Yıl 1961...

Yıldız yağmuru altında ışıltılı bir yaz gecesi...

İstanbul sosyetesinin akın ettiği Çınar Hotel’de plaj partisi var.

O yıllarda Yeşilköy’ün denizi, içinde kitap okunacak kadar berrak...

Plajda Brezilyalı müzisyenlerden oluşan Samba Blue Orkestrası çalıyor. Galatasaray’dan Palermo’ya transfer olan Türk futbolunun “Taçsız Kralı” Metin Oktay da İtalya’ya gitmeden önce, Çınar Hotel’de kalıyor. Hem dinleniyor, hem de İtalyanca ders alıyor.

★★★

Bu satırların yazarı ise, henüz 18 yaşında olmasına karşın, otelin cankurtaranlığını yapıyor.

Orkestra rumba çalmaya başladığında “Taçsız Kral”, rüya gibi güzel bir kadınla dans etmeye başlıyor. Davetliler, göz alıcı çiftin çevresinde toplanırken, bizler, yani otel personeliyle, konuklara ait yatların kaptanları, bir kenarda hayranlıkla onları izliyoruz.

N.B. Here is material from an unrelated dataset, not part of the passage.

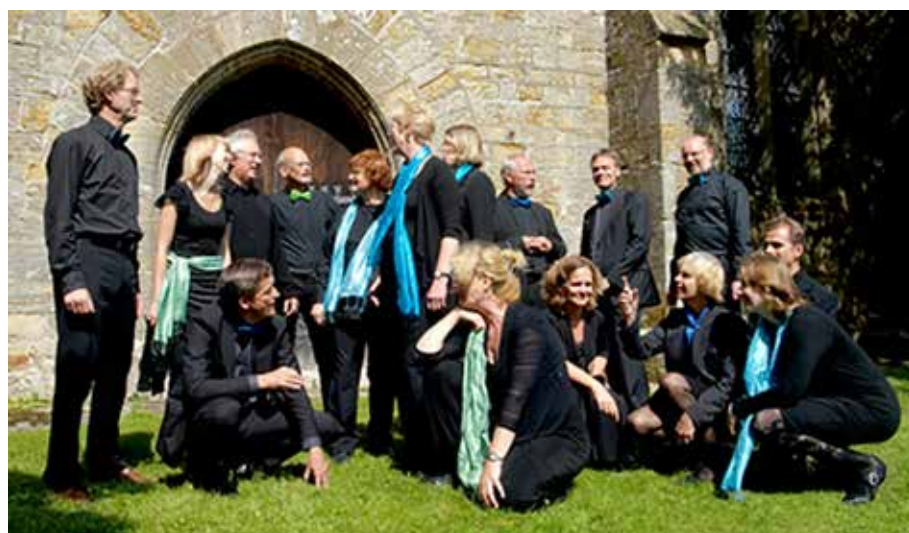
Trajecti Voces presenteert op 20 november 'Perezwony'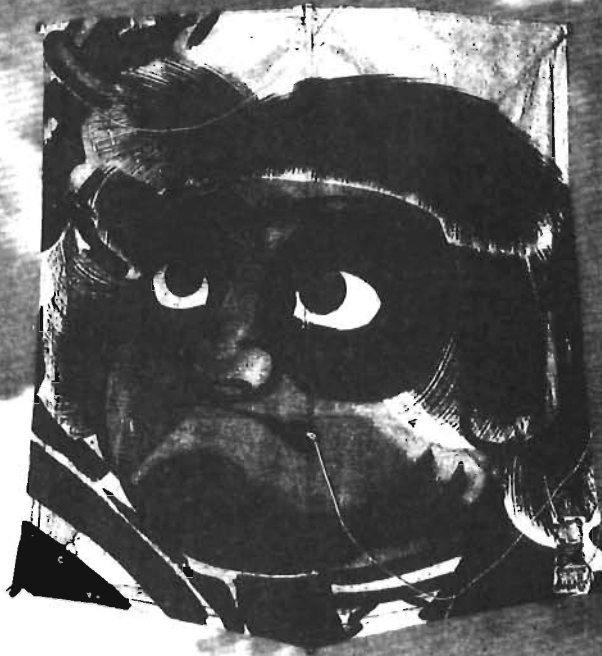
金太郎 高さ50cm×幅40cm 昭和52年作

Derken Metin Oktay’ın ısrarla bizim bulunduğumuz tarafa doğru baktığını fark ediyoruz. Dans bitince de kalabalığı yararak yanımıza geliyor. Şaşkın bakışlarımız arasında kaptanlardan birine, “Benim Fenerbahçeli ağabeyim, gözlerime inanamıyorum... Nasılsın?” diyerek sarılıyor. Kaptan yutkunuyor ve “İyiyim Metin’ciğim, iyiyim kardeşim, sağol” diyor. Orkestra susmuş, herkes ne olup bittiğini anlamaya çalışıyor.

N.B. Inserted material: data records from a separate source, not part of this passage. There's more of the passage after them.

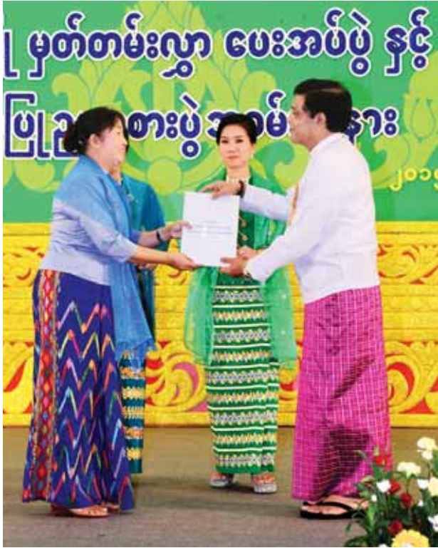
ဒုတိယသမ္မတ ဦးညွှန်ထွန်း ကချင်ပြည်နယ် အုပ်ချုပ်သူအဖွဲ့ခေါင်းဆောင် ဒေါ်ကောဒွေအောင် ဂုဏ်ပြုပွဲတမ်းလွှာပေးအပ်ချီးမြှင့်စဉ်။ (သတင်းစဉ်)

ထို့နောက် ဖျော်ဖြေရေးအစီအစဉ်များ ကြည့်ရှုကာ ဂုဏ်ပြုဥပဒေစာပေးအပ်ပွဲကြေညာသည်။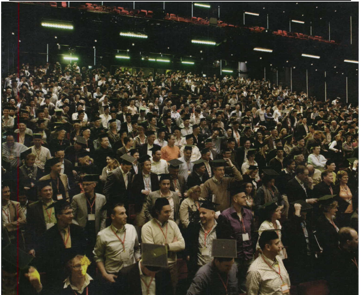
'Mensen nemen meer verantwoordelijkheid voor hun carrière. Soms willen ze niet eens dat de baas meebetaalt'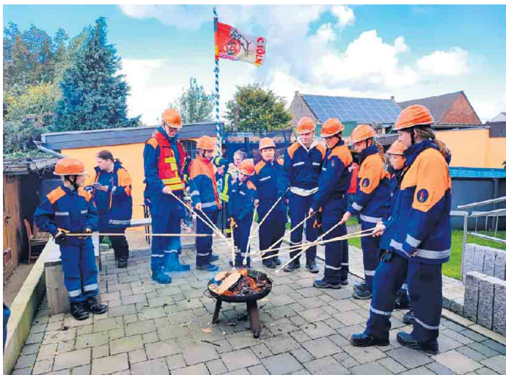
Pause zwischen den Einsätzen des Jugendfeuerwehrtages

Glücklicherweise brennt es jedoch nicht wirklich, der Einsatz für die Jugendfeuerwehrgruppen aus Heppendorf und Grouven ist nur simuliert und Teil des stadtweiten Jugendfeuerwehrtages. Auch die weiteren Jugendgruppen haben am letzten Samstag im September ihre Gerätehäuser für einen ganzen Tag besetzt. Sie verbringen Zeit auf der Wache, lernen und spielen gemeinsam, haben Dienstsport und bereiten das Essen vor. Und zwischendurch gibt es von den Betreuern organisierte, simulierte Einsatzszenarien. Nach einer Explosion auf einem Bauernhof werden gleich mehrere Menschen und Tiere von den Gruppen aus Giesendorf und Berrendorf-Wüllenrath gerettet. Auf dem Heckelsberg suchen die Jugendfeuerwehren aus Oberembt und Tollhausen eine verwirrte Person. In Niederembt wird nach einem Verkehrsunfall ein Auto mit speziellen Geräten geöffnet, und in Elsdorf ein Kellerbrand gelöscht. Über eine Übungs-Leitstelle werden diese Einsätze ko-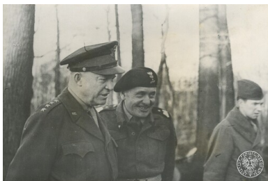
Naczelnny dowódca sił alianckich generał Dwight Eisenhower (1L) i dowódca polskiej 1. Dywizji Pancernej generał brygady Stanisław Maczek (2L) podczas inspekcji oddziałów polskich w Holandii. Listopad 1944 r.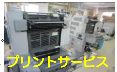
プリントサービス

一人ひとりが能力を発揮できる職場をめざされています。活動内容はプリントサービス（印刷）、ハンドワークス（手作業）、ドリームワークス（創作）が行われており、自動販売機用手袋の梱包作業や、大久野島うさぎシール等の製品を拝見しました。どの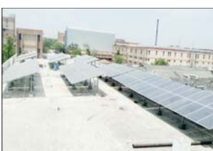
અસર પણ પ્લાન્ટે સ્થાપવામાં આવેલ છે જેમાં ફરીદાબાદ, કાનપુર અને લખનૌ પ્લાન્ટ ખાતે પણ ટૂંક સમયમાં સોલાર આધારિત વીજળી ઉત્પાદન કરવા માટેના યુનિટો કાર્યરત કરવામાં આવ્યા છે.

પાલનપુર બનાસ કેરી ખાતે સોલાર વુનિટો સ્થાપિત કરવામાં નિર્મિત સોલાર પેનલનો ઉપયોગ કરીને વડાપ્રધાનશ્રીના 'મેક ઓન ઇન્ડિયા'ના ઉદ્દેશ્યને આગવું પાળવા માટે સરકાર પ્રયત્ન કરી છે. તાજેતરમાં બનાસ કેરી, પાલનપુર ખાતે ૧૦૦૦ કિલો વોટ(૧૧૨) કેપિસિટી ધરાવતો સોલાર આધારિત વીજળી ઉત્પાદન પ્લાન્ટ કાર્યરત કરવામાં આવ્યો છે તેના લીધે પાલનપુર અને લખનૌ પ્લાન્ટ યથો. બનાસ કેરીના રાજ્ય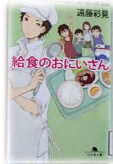
作 遠藤 彩見

給食は安心、安全、栄養満点。味は二の次、大量調理。敵は残菜率。くじびきハンバーグ、ふれあい給食、ネグレクト、アレルギー... 知恵と技をかけて食育に挑みます。「お前ら、口開けて待ってろ」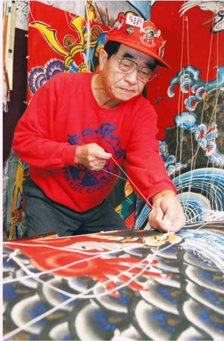
横手凧復活を夢見て... 少年時代の熱き思いを今に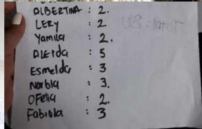
LUGAR: CIUDAD BOLIVAR, BOGOTÁ D.C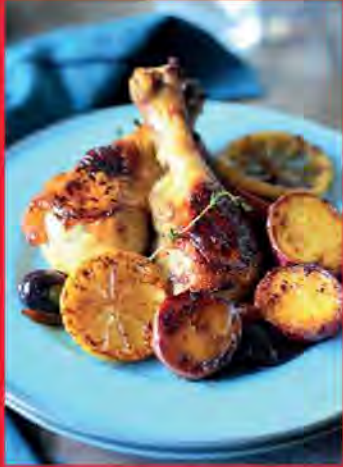
POULET AU CITRON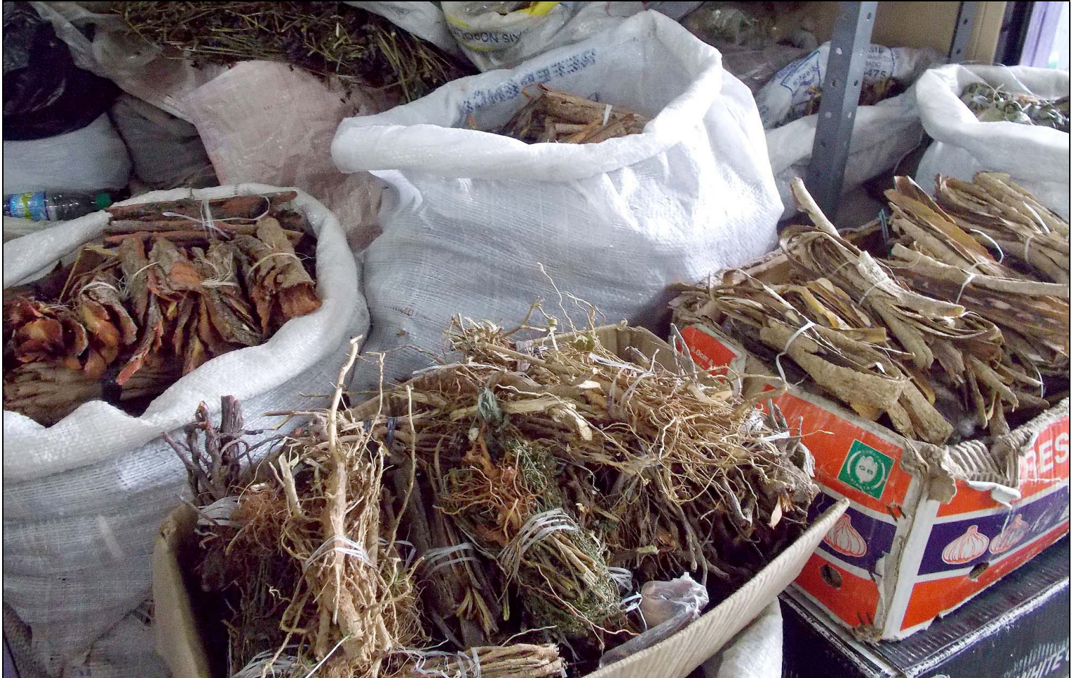
Plantas medicinais no Mercado Central Governador Adauto Bezerra

Kral gülerek bize dönüyor “Tanıştırayım, benim mektepten ağabeyim!..”

“Nasıl yani, hangi mektep?” diye soruyoruz, anlatıyor:

“Biliyorsunuz geçen yıl, resmi makamların hesap hatası sonucu, vatani görevimi 8 gün eksik yapmış gibi göründüğüm için 45 gün süreyle Toptaşı Cezaevi’nde yattım!.. Bu ağabeyim de o sırada bir yaralama nedeniyle cezaevindeydi. Bileği güçlü, namlı bir delikanlıdır. O alemde adı saygıyla, biraz da çekinilerek anılır. Aynı zamanda koyu Fenerbahçeli’dir. Oradaki günlerim onun sayesinde cezaevinde gibi değil de, sanki sarayda yaşıyormuşum gibi geçti!.. Ayrıca koğuşunu sarı lacivertli renklere boyatmış olmasına karşın, aramızda bir gün bile Fenerbahçe-Galatasaray rekabeti konuşulmadı. Tam tersine hep dostluktan söz edildi. Bu nedenle o, yaşadığım sürece benim sevgili ağabeyim olarak kalacaktır!”

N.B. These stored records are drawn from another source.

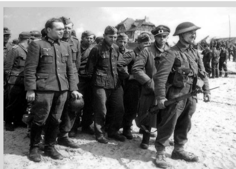
Группа пленных немцев под охраной канадского солдата.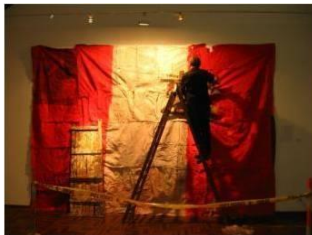
46 Instalación Hombres trabajando . Exposición colectiva, galería del Parque Reducto en Miraflores. 2006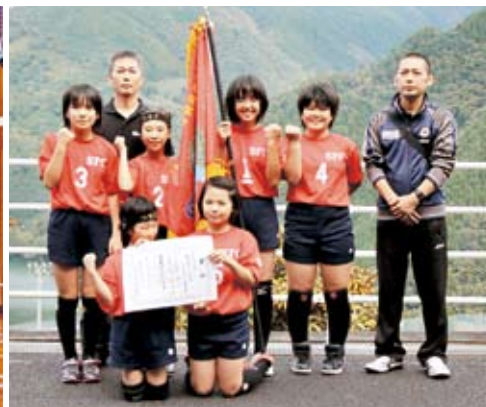
【バレーボールの部】 優勝 椎小フレンスクラブ 2位 松尾少女バレー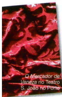
O Mercador de Veneza no Teatro S. João no Porto

Não que seja obrigatório, mas apetece-nos começar pelo regresso ao Teatro Nacional de São Carlos (TNSC) e o Quebra Nozes , talvez o mais dançado de todos os grandes bailados clássicos, pela mão da Companhia Nacional de Bailado (CNB) e do coro e orquestra do TNSC (22 de Nov a 13 de Dez). No Teatro Camões há um ciclo de dança contemporânea com com-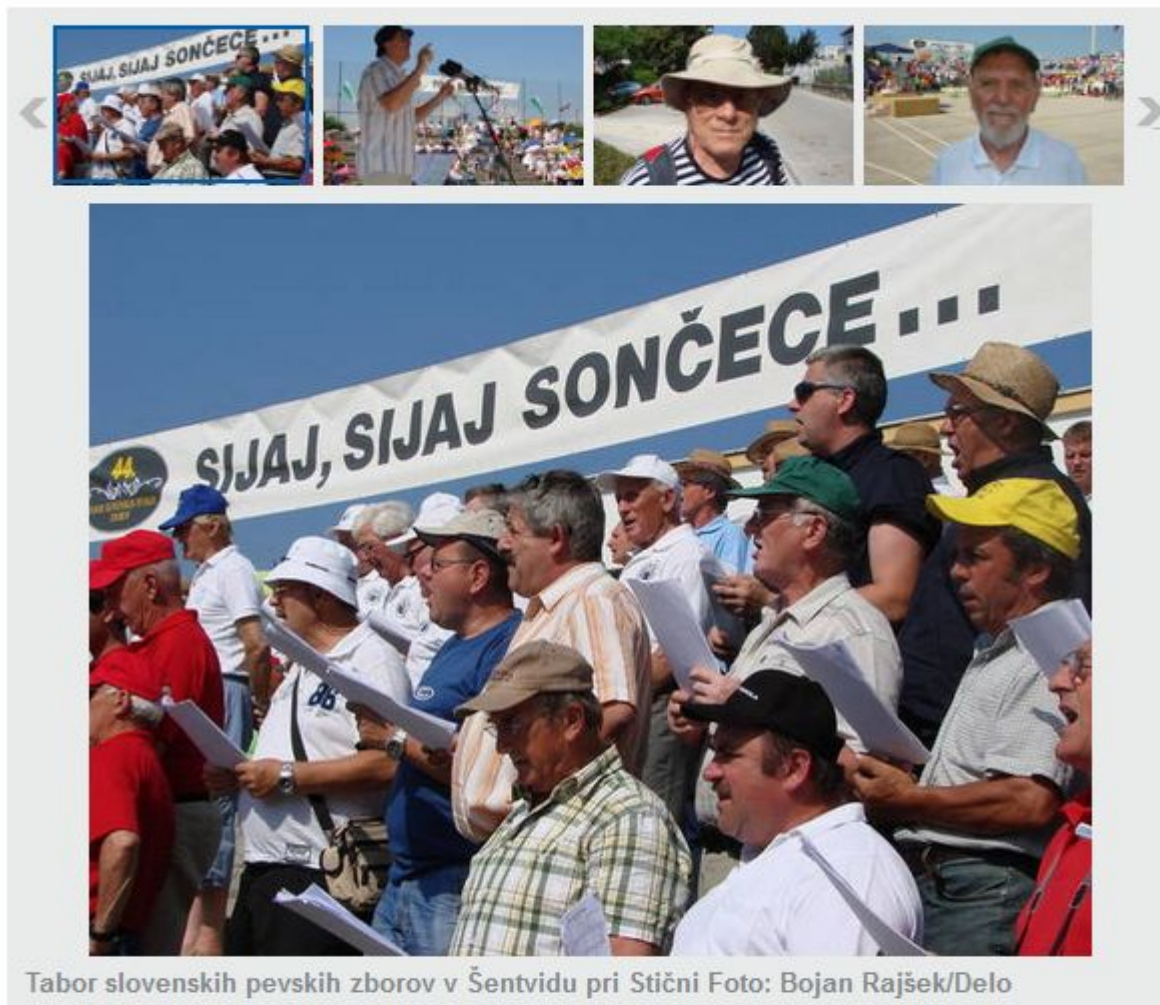
Tabor slovenskih pevskih zborov v Šentvidu pri Stični

Bojan Rajšek, Litija ned, 23.06.2013, 11:15

Sadece Galatasaraylılar’ın değil, tüm futbolseverlerin gönüllerinde taht kuran “Taçsız Kral”, gözlerinden yaşlar süzülen kaptana sarılıp iki yanağından öpüyor. Dans ettiği kadına doğru yürürken tekrar dönüyor ve bu kez hepimizi kucaklıyor.

Üç hafta kadar sonra Palermo’ya gitmek üzere otelden ayrılırken, artık tüm personelin Metin ağabeyi oluyor. Kimseyi kırmadığı gibi, herkesin gönlünü almayı başarıyor ve bu arada özel eşyalarını bile, anı olarak biz çalışanlara armağan ediyor!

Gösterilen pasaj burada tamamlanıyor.